Getting that gold medal is every athlete's dream. And athletes can train for years without ever being able to mount that first-place podium. But Chan Chi-fung achieved that goal in just two years.

"It was like a dream when I was presented with the gold medal on the podium," says the 17-year-old rowing star from Yu Chun Keung Memorial College. "I became the Asian junior champion just two years [after beginning my outdoor training]."

Chi-fung won his title in July at the 21st Asian Junior Rowing Championship in Wuhan , the capital city of Hubei province . His time of seven minutes, 20 seconds in the junior men's scull bested competitors from 10 other Asian countries - China, Japan, Iran, Kazakhstan, Uzbekistan, South Korea, Taiwan, Thailand, India and Indonesia.

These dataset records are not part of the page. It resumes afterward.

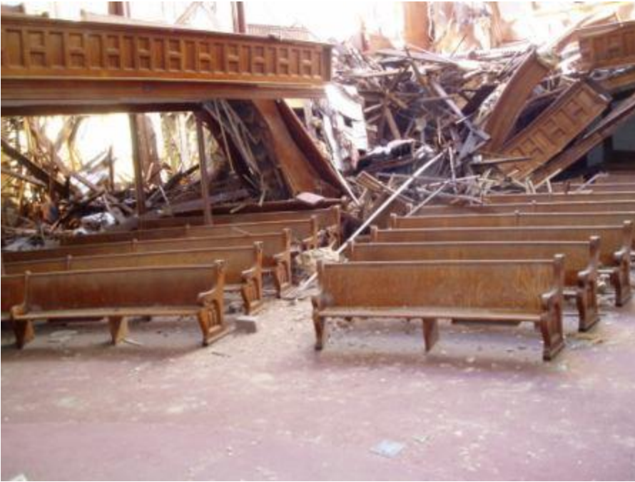
A slate shingle was embedded into the side of a church...
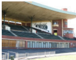
GLENFERRIE OVAL GRANDSTAND SOHE 2008
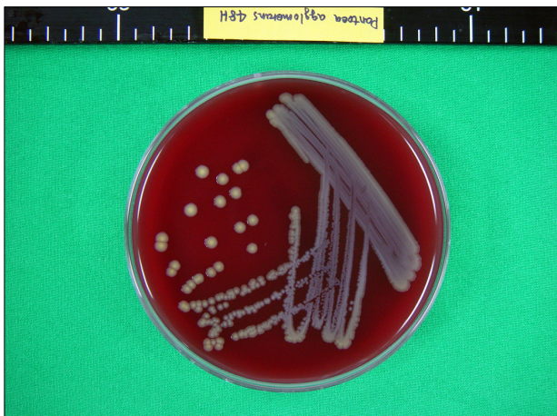
Fig. 3. Pantoea agglomerans was isolated in the vitreous culture. Yellow pigment-producing colonies that were 2 mm in size, non-hemolytic, and convex were detected on a blood agar plate.

pected ocular fungal infection. Despite this treatment, the anterior chamber reaction and fundus findings deteriorated. Five days after the initial intravitreal injection, visual acuity of the right eye had decreased to hand motion. A hypopyon had also developed in the right eye (Fig. 2).
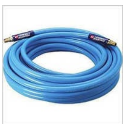
Hoses PVC Compound
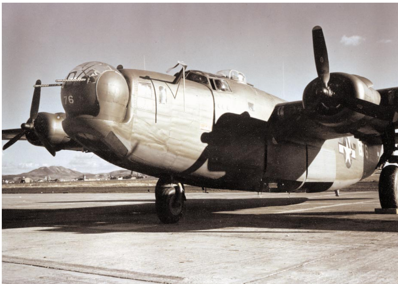
A PB4Y-2 at NAAS Camp Kerney, December 1944, 80-G-K-2678.

1 Apr 1945: VPB-109 was selected to employ the SWOD Mark 9 (Bat) guided bomb. The Bat guided missile was in essence a bomb with wings and control surfaces guided to its target by a mother ship. The Germans had successfully employed similar ordnance in the Mediterranean with great effect. The Bat offered the advantage of being a standoff weapon that allowed the bomber crew to remain out of effective AA range of a surface target while launching the winged bomb at the vessel. The Bat could guide itself to its target by means of target echoes of pulsed microwave radiation emitted by the missile's built-in radar system.
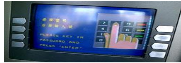
Fig. 5. Virtual Password [19]

Yet, it is possible by recording screenshots at regular intervals or upon each mouse click.
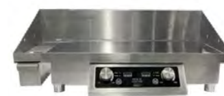
MAX Double Range Griddle Attachment (induction range sold separately)
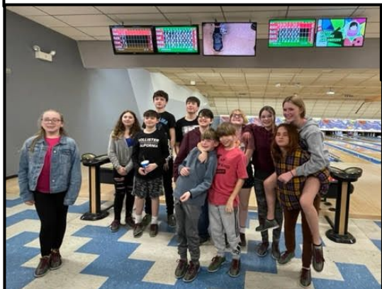
Bowling on March 25 th (left)

Meetings are held on Sundays from 7:00-8:15PM.
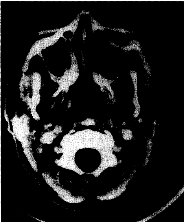
Fig. 1. A CAT scan of the parotid gland showed a zone of moderately increased attenuation in the lateral aspect of the superficial lobe of the right parotid gland which has poorly defined margins. There did not appear to be deep lobe involvement.

At the time of parotidectomy, the superficial lobe was noted to contain a 2 × 2 cm lesion, microscopically confirmed to be low grade mucoepidermoid carcinoma
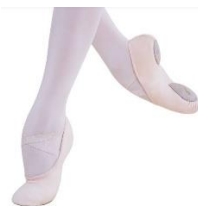
Canvas ballet shoes
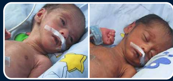
Twins of Jyothi Infants Premature Birth Complications
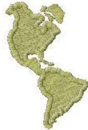
NORTH &amp; SOUTH AMERICA
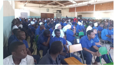
Kilimanjaro Region (VETA): 500+
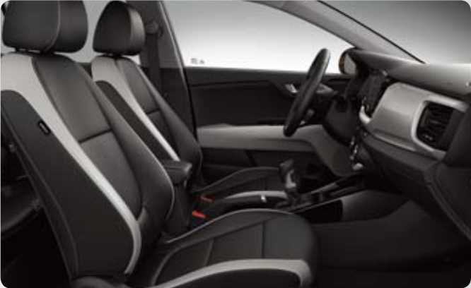
Gray Two-tone Interior

The interior is upholstered in a combination of soft tricot and woven cloth with a muted dark gray pattern. The coordinated door and dash trim provide a consistently fresh and relaxing environment.
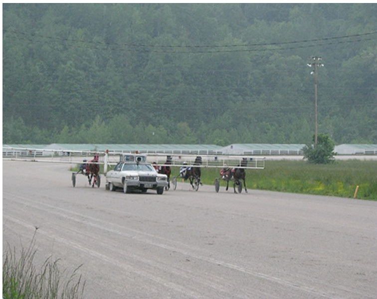
A verdant backdrop, but no attendees, at Thunder Ridge
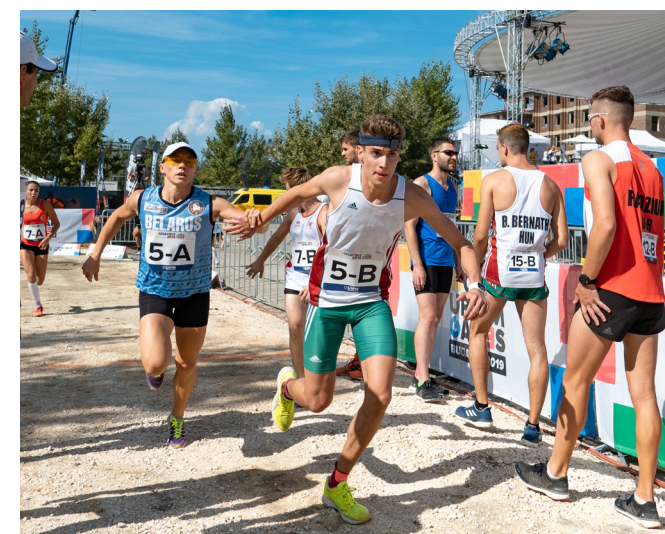
The Mixed Relay format takes centre stage during the World Urban Games Laser Run

"As a pentathlete and double world champion, it is really important to

Even Chi-fung was surprised by his win. "I started the race with a mistake, and I was behind the rest of the competitors," he says. "I caught up with them at around the 200-metre mark and outraced them. I was able to maintain the lead until the finish and won by a margin of six seconds."

Almost everyone was surprised by Chi-fung's success because he was new to the sport. "I started with indoor rowing when I was in Form One because my school is very strong and competitive in the Inter-School Indoor Rowing competition," he says. "When I was in Form Three, my PE teacher introduced me to the Youth Rowing Development Programme."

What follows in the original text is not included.